I'm trying to produce a sample query plan to show why UNIONing two result-sets can be better than using OR in a JOIN clause. A query plan I've written has me stumped. I'm using the StackOverflow database with a nonclustered index on Users.Reputation.
CREATE NONCLUSTERED INDEX IX_NC_REPUTATION ON dbo.USERS(Reputation)
SELECT DISTINCT Users.Id
FROM dbo.Users
INNER JOIN dbo.Posts
ON Users.Id = Posts.OwnerUserId
OR Users.Id = Posts.LastEditorUserId
WHERE Users.Reputation = 5
The query plan is at https://www.brentozar.com/pastetheplan/?id=BkpZU1MZE, query duration for me is 4:37 min, 26612 rows returned.
I haven't seen this style of constant-scan being created from an existing table before - I'm unfamiliar with why there's a constant scan ran for every single row, when a constant scan is usually used for a single row inputted by the user for example SELECT GETDATE(). Why is it used here? I would really appreciate some guidance in reading this query plan.

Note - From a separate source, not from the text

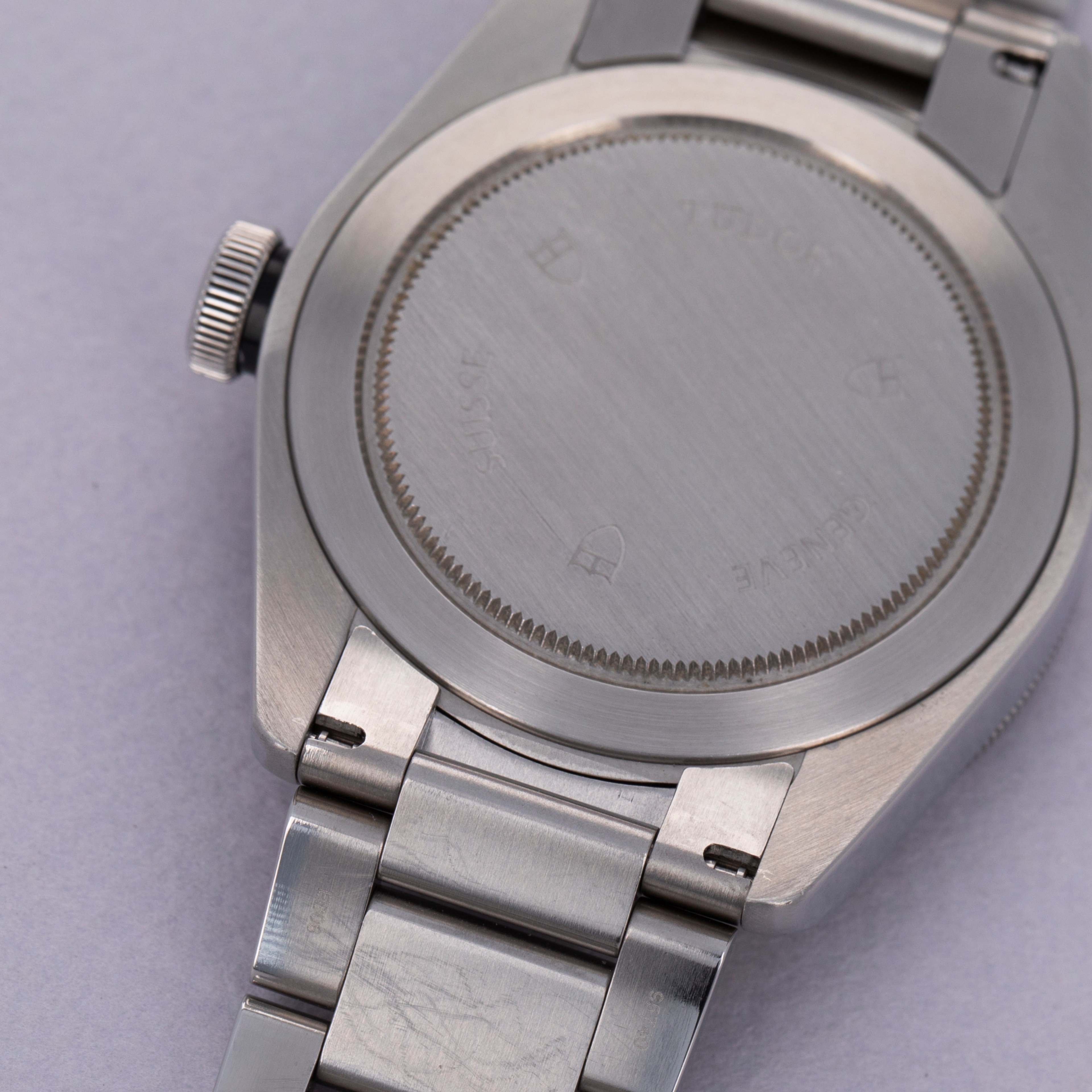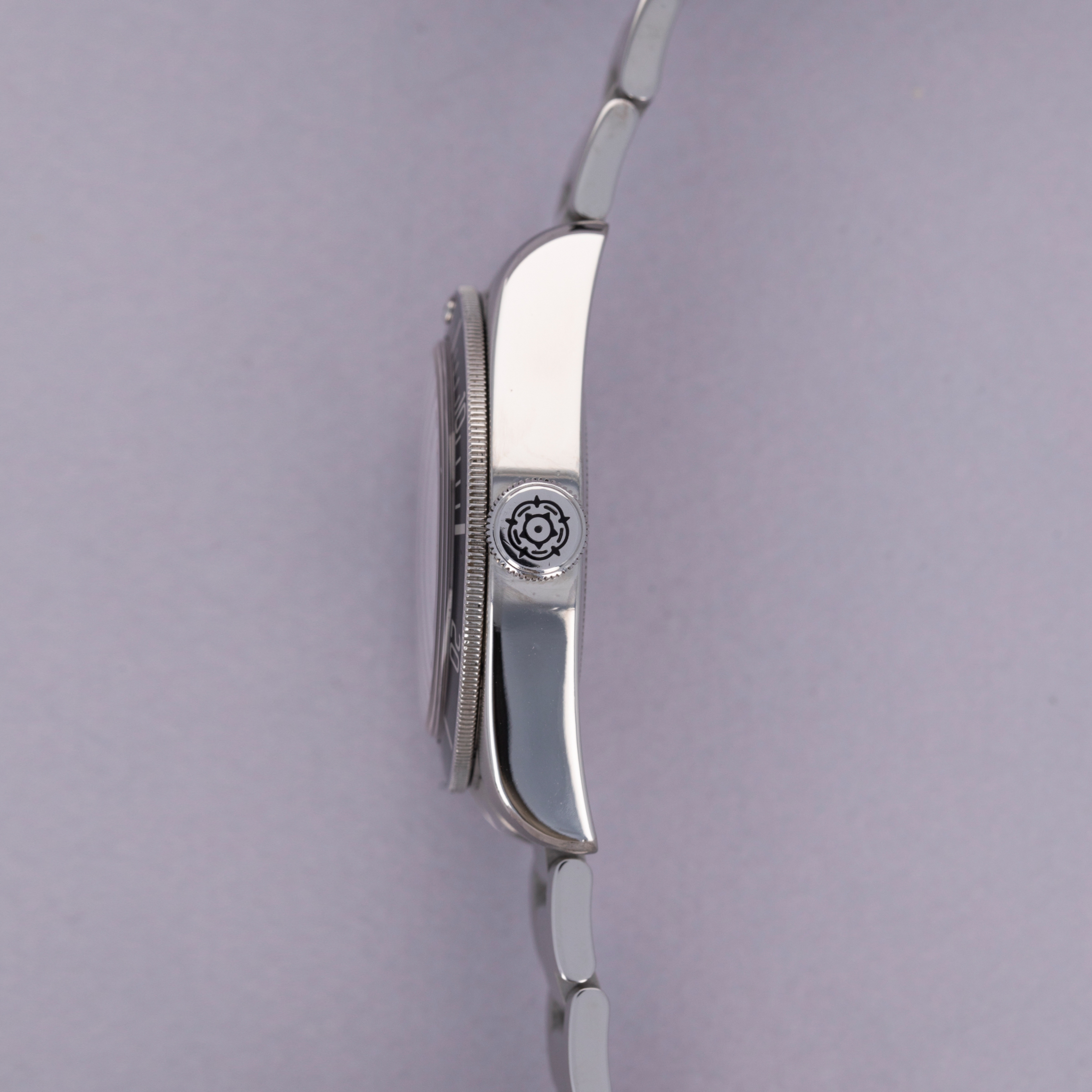 Watch is in very good overall condition. Case shows moderate signs of wear, wtih soft lugs that have small scratches and nicks visible. Bezel has a vertical scratch next to the 55 minute index. Crystal shows light surface scratches. Watch comes on its original bracelet currently sized for a 7" wrist. It shows negligible stretch and minor surface wear. There were 3 links removed from the bracelet but they are included with the watch. Please note that the watch runs at time of cataloging, but the timekeeping is poor and a service is recommended.

If I split that OR out into a UNION, it produces a standard plan running in 12 seconds with the same 26612 rows returned.
SELECT Users.Id
FROM dbo.Users
INNER JOIN dbo.Posts
ON Users.Id = Posts.OwnerUserId
WHERE Users.Reputation = 5
UNION
SELECT Users.Id
FROM dbo.Users
INNER JOIN dbo.Posts
ON Users.Id = Posts.LastEditorUserId
WHERE Users.Reputation = 5
I interpret this plan as doing this:
- Get all 41782500 rows from Posts (the actual number of rows matches the CI scan on Posts)
- For each 41782500 rows in Posts:
- Produce scalars:
- Expr1005: OwnerUserId
- Expr1006: OwnerUserId
- Expr1004: The static value 62
- Expr1008: LastEditorUserId
- Expr1009: LastEditorUserId
- Expr1007: The static value 62
- In the concatenate:
- Exp1010: If Expr1005 (OwnerUserId) is not null, use that else use Expr1008 (LastEditorUserID)
- Expr1011: If Expr1006 (OwnerUserId) is not null, use that, else use Expr1009 (LastEditorUserId)
- Expr1012: If Expr1004 (62) is null use that, else use Expr1007 (62)
- In the Compute scalar: I don't know what an ampersand does.
- Expr1013: 4 [and?] 62 (Expr1012) = 4 and OwnerUserId IS NULL (NULL = Expr1010)
- Expr1014: 4 [and?] 62 (Expr1012)
- Expr1015: 16 and 62 (Expr1012)
- In the Order By sort by:
- Expr1013 Desc
- Expr1014 Asc
- Expr1010 Asc
- Expr1015 Desc
- In the Merge Interval it removed Expr1013 and Expr1015 (these are inputs but not outputs)
- In the Index seek below the nested loops join it is using Expr1010 and Expr1011 as seek predicates, but I don't understand how it has access to these when it hasn't done the nested loop join from IX_NC_REPUTATION to the subtree containing Expr1010 and Expr1011.
- The Nested Loops join returns only the Users.IDs that have a match in the earlier subtree. Because of predicate pushdown, all rows returned from the index seek on IX_NC_REPUTATION are returned.
- The last Nested Loops join: For each Posts record, output Users.Id where a match is found in the below dataset.